There are other conspiracy theories flying fast and thick. My mother fell ill last week, while I was on a short trip abroad. She was vomiting and needed to see a medic, but some of my relatives advised her against going to hospital. They had heard rumors of a desperate attempt to stem the spread of Ebola: patients with signs of the disease, which include symptoms as broad as fever, were being injected with poison by health workers. It was only after my return that I could persuade her to seek treatment.

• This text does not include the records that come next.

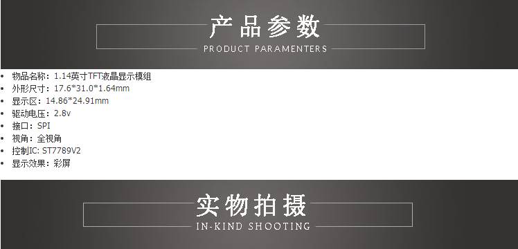 低功耗小尺寸液晶屏SPI接口135240像素1.14寸TFT彩屏lcd模组
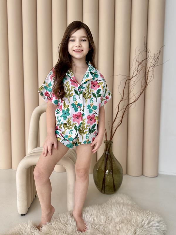 Дитяча піжама з коротким рукавом та шортами з квітковим принтом
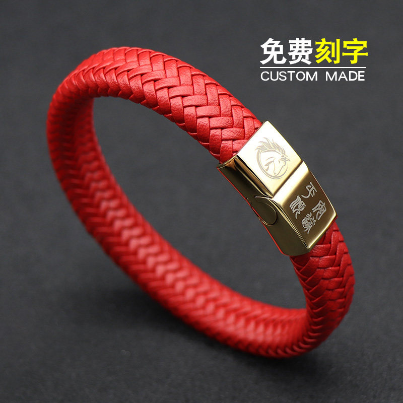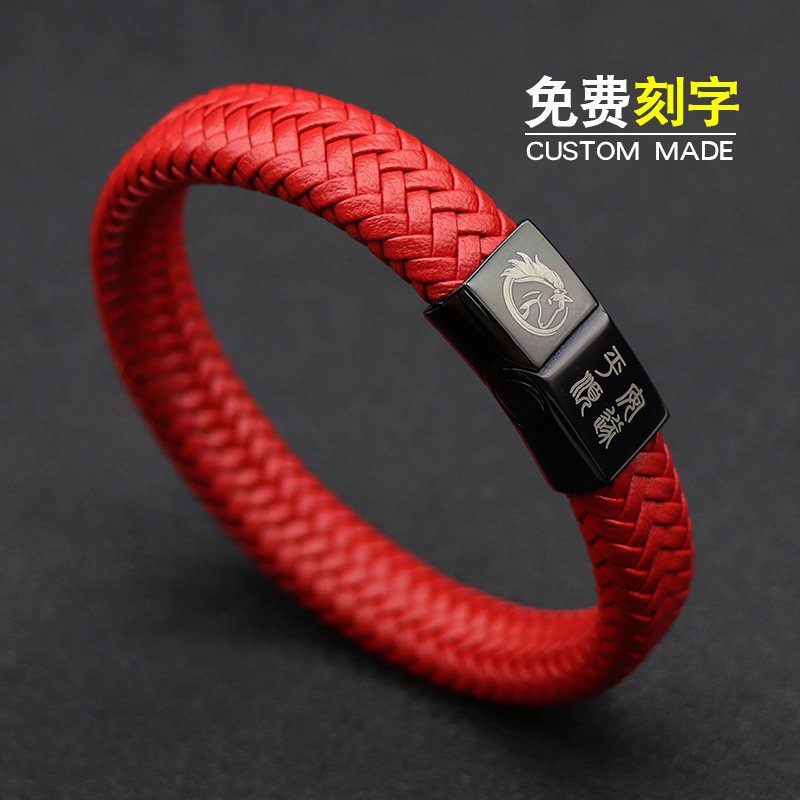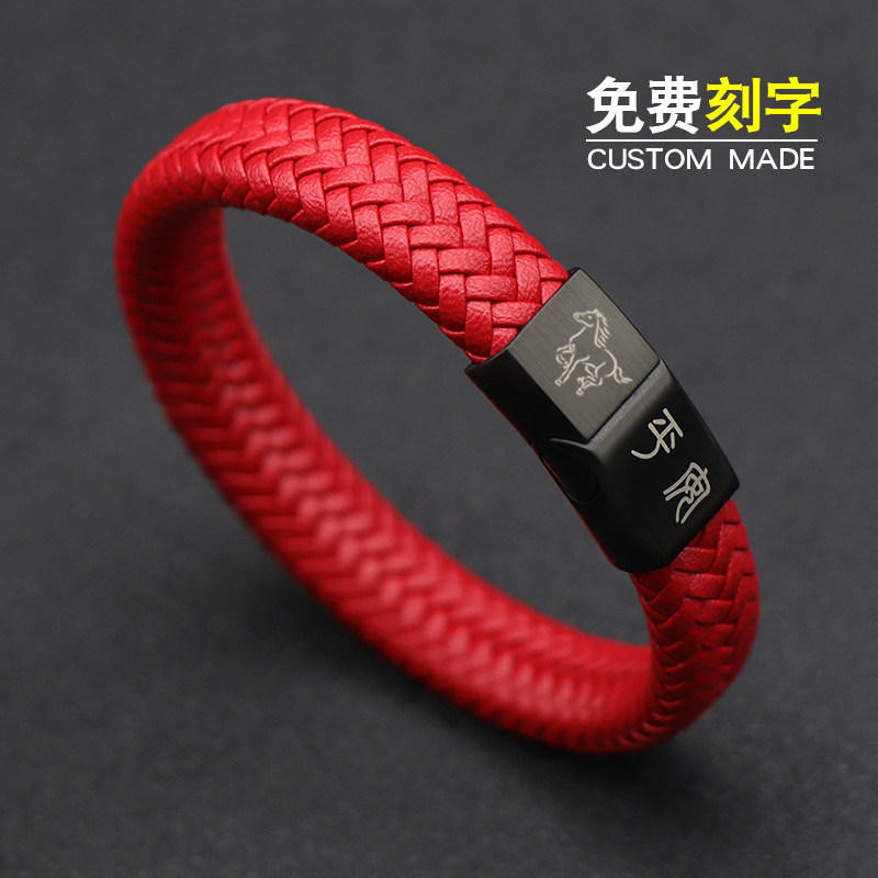 复古中国风红色本命年十二生肖马皮手链男女个性饰品手环定制刻字

Three days after the hospital was attacked—and more than a month after the outbreak began—President Ernest Bai Koroma finally ended his curious silence, and addressed the nation. He said that “the national efforts of patriotic citizens from all regions, all political parties and districts must not be derailed by a misguided few.” He added: “Anyone who knowingly harbors an Ebola victim without notifying health authorities is also guilty of an offense and we will ensure that the full penalty of the law is meted out on them.” But he fell short of declaring the disease a public health emergency, which would have put the country’s resources toward the fight, and he has yet to visit any of the areas affected.

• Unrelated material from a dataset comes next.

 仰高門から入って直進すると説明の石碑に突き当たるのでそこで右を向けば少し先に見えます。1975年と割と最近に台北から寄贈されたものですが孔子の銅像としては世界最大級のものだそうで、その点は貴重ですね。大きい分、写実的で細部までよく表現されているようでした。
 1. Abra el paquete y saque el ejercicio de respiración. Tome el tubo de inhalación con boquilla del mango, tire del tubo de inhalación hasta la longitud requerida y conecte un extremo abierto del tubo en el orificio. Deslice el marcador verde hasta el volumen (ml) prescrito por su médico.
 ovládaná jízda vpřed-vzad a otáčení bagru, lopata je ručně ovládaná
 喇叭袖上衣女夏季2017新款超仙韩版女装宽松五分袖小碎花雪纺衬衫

Koroma’s slow response recalls the civil war of the 1990s. Like Ebola, it started abroad, in Liberia, and snaked across the border. The army was ill-prepared; war was strange to the soldiers; many ordinary people took it lightly—I dare say, scornfully. It was not until fighting reached Freetown that the government made a serious effort to end it. By then, tens of thousands were dead. With the casualties in neighboring countries, the death toll from the current Ebola outbreak has already topped 500, and figures keep rising every day. No one knows how many more have died outside of health facilities, or are mistakenly being treated for another disease. Médecins Sans Frontières, an aid organization, has described the situation in the region as “out of control.”

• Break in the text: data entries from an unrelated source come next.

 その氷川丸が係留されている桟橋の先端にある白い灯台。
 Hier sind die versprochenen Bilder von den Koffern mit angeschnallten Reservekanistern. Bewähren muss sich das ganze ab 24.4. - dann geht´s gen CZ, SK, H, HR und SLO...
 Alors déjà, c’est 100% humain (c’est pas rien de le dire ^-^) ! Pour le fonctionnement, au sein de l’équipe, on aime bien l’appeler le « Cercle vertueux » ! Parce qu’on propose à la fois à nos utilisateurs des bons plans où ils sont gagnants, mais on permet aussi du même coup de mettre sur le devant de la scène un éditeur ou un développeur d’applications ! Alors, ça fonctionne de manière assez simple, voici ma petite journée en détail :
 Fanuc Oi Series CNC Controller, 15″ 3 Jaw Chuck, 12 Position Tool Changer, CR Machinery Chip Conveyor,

People who actually acknowledge the situation are uncertain about what to do now. At my wife’s church—she’s Catholic—the body of Christ as epitomized by bread is now dipped into wine by a glove-wearing priest. Handshakes have been minimized in mosques in this Muslim-dominated country. “It is the hard tradition-breaking sacrifices we have been forced to make,” a Friday worshiper told me. At one restaurant I visited, the owner had placed a bottle of chlorinated water at the door; everyone who entered was asked to wash their hands with it. But the chemical has become hard to find, and the owner of the restaurant told me that the price of chlorine has tripled.

Meanwhile, suspected Ebola patients are doing exactly what public health workers would like them not to do, which is to move around and potentially infect others. Almost 60 have disappeared after testing positive, officials say. “They may have died somewhere after infecting others,” one doctor told me, looking worried. One of the escapees was a man named Mohamed Swarray, who fled Kenema last month for Freetown, the capital, where he went into hiding. Police found him a week or so later, after he was spotted by someone who knew him in Kenema, and who had heard the announcements on local radio calling for information on his whereabouts. By then Swarray had visited a hospital in the capital, and may have infected the nurse who treated him. (The authorities are also on the lookout for his mother with whom he is believed to have escaped.)

I was standing outside the Kenema hospital when a new-looking ambulance raced into the hospital compound, sirens blaring. The driver wound down his window and asked shakily in a local language where the Ebola ward was. I pointed it out, and the driver meandered toward it, dodging the potholes made muddy by the country’s rainy season. I was curious as to how an ambulance in this part of the country could not know where the Ebola ward was, and suspected they must have come from Freetown. Moments later I saw Mohamed Swarray being guided to the isolation ward by a nurse in protective clothing. He looked hopeless and forlorn, as if he were being led to the gallows.